Although Hofstede’s work is viewed as seminal in the field (Holden 2004), some intercultural communication scholars have criticized Hofstede’s nation-level unit of analysis as unsuitable for examining cultural differences (McSweeney 2002). Objections include the fact that culture is likely a far more intricate construct than can be described with five dimensions, the dimensions themselves were originally conceptualized to create what are now understood to be false dichotomies between vague, culturally-loaded concepts such as masculinity and femininity (Jones 2007). Noting that scores on these dimensions could not accurately be considered static, Signorini et al. (2009) explain them to be oversimplifications (see also Yeh 1983 and Wu 2006 for methodological critiques). It should be noted that Hofstede (2002) consistently engaged with his critics, refining his measures and introducing new dimensions to address issues (Hofstede et al. 2010b). Due to the critiques, however, Orr and Hauser (2008) emphasize the importance of collecting supplemental data alongside measuring Hofstede’s cultural dimensions, such as including qualitative follow-up questions beyond the self-report cultural dimensions scale items, as well as measuring observed physical behaviors of people from different cultures during interpersonal interactions, both of which were integrated into our SCAN project.

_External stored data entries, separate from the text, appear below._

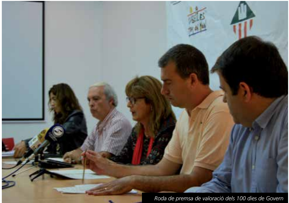
Roda de premsa de valoració dels 100 dies de Govern
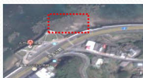
2. 富貴角婚紗廣場右側下方海灘區
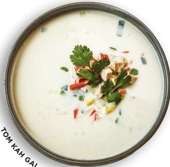
TOM KAH GAI
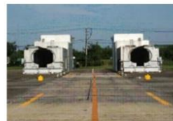
輸送機（C-2）受入施設 （消音装置）
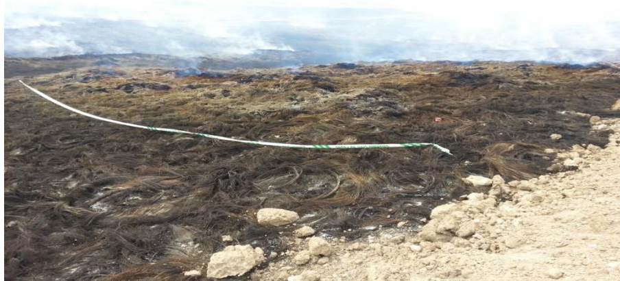
ASPECTO TRAS LA EXTINCIÓN
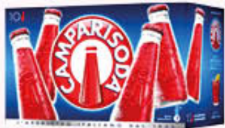
CAMPARI SODA Confezione - x 10
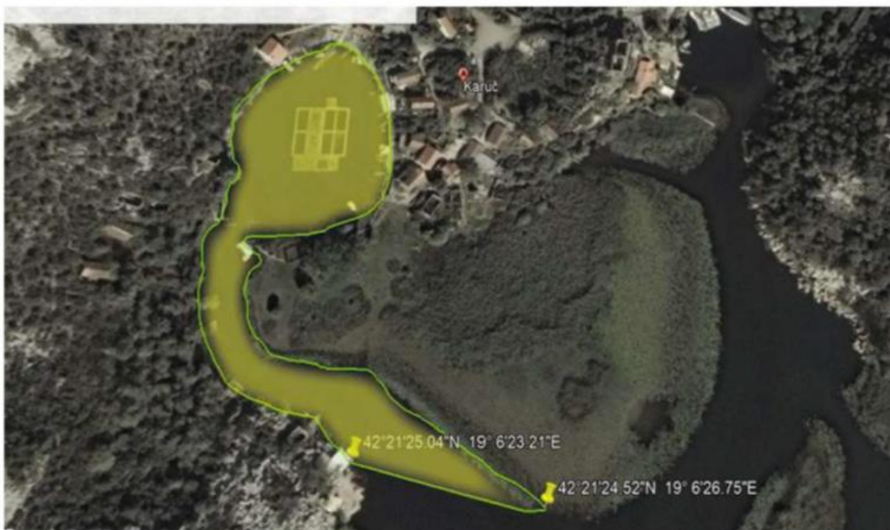
Vaškaut - ribolovni zabran utvrđen je za označeni dio na orto-foto snimku
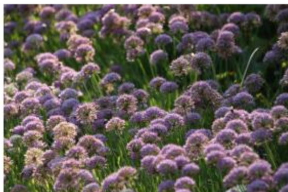
Berg-Lauch - Allium senescens ssp. montanum
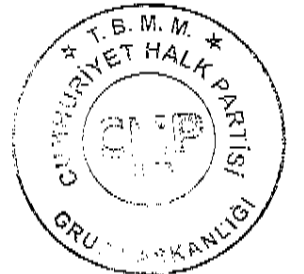
Yüksel Mansur KILIÇ İstanbul Milletvekili
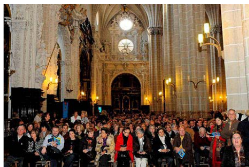
Uno de los laterales de la Seo El Salvador de Zaragoza el domingo 23 de noviembre

En la Seo de Zaragoza la acogida del público también fue espectacular. Casi 4.000 personas disfrutaron de esta Eucaristía tan especial y cientos de zaragozanos quedaron en la puerta lamentando no poder entrar porque el Ayuntamiento de Zaragoza decidió cerrar la Catedral El Salvador por motivos de seguridad.
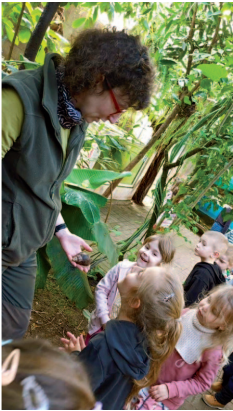
Návštěva BIO parku v Teplicích.
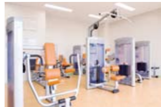
基礎代謝のアップに役立つ 8 種類のマシンと有酸素運動ができる 3 種類のマシンを取り揃え利用目的に合った運動が行えます。
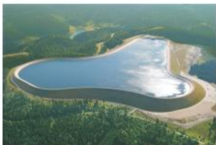
Am Fließchen Schwarzza in Thüringen liegt das Laufwasserkraftwerk Goldistal

So ist Vattenfall der größte Betreiber von Pumpspeicherwerken in Deutschland, aber auch bei Biomasse und Windkraft sieht Vattenfall Wachstumschancen. Allein die sechs Laufwasser-Kraftwerke produzieren in Thüringen und Sachsen bei Vollbetrieb rund zehn Megawatt Strom.
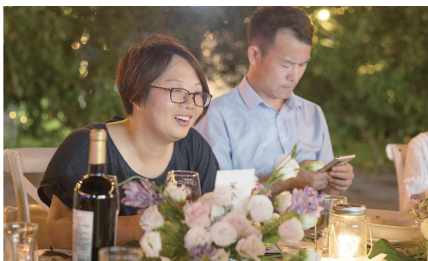
尚田街道有批活跃在助农致富的青年人
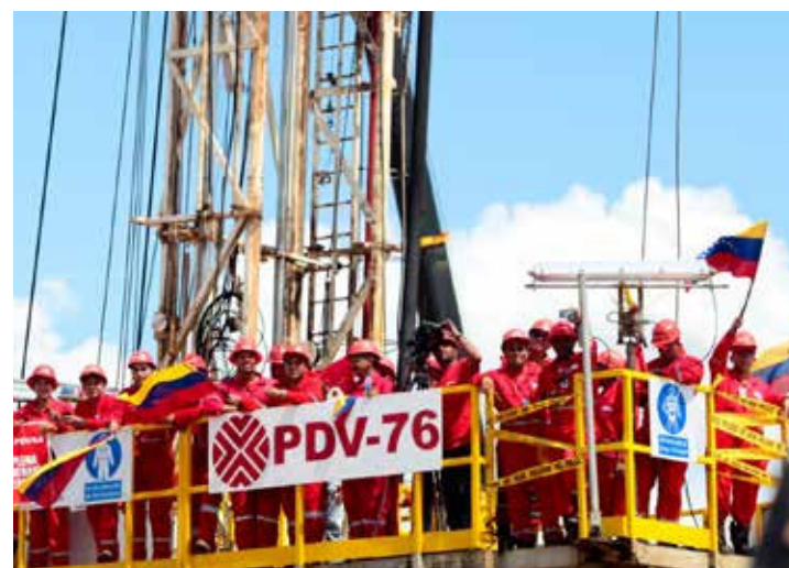
Venezuela avanza hacia su soberanía petrolera.

No obstante, debido a las amenazas del gobierno de

Oetzel and Ting-Toomey (2003) argued for the inclusion of self-construal in measuring culture, by which they mean that researchers should measure the way that individuals conceive of themselves within a larger cultural framework. This is because individuals can vary from the predominant cultural framework of a nation or society, such as those from more interdependent sub-groups within an individualistic culture. “Essentially, cultural values have a direct effect on conflict behaviors and an indirect effect on conflict behaviors that is mediated through individual-level factors” (Oetzel and Ting-Toomey 2003, p. 603). Our SCAN project takes a two-layered approach to studying the influence of culture on deception. We examine differences in deception strategies and behaviors among the nationalities of our participants, but we also ask them to self-report their individual perceptions of their own cultural self-construal. All measures used in this project are outlined in Chap. 11 in this volume by Burgoon et al. (2021); (see also Burgoon et al. 2009), including scales that elaborated upon and expanded Hofstede’s initial cultural dimensions from Singelis et al. (1995).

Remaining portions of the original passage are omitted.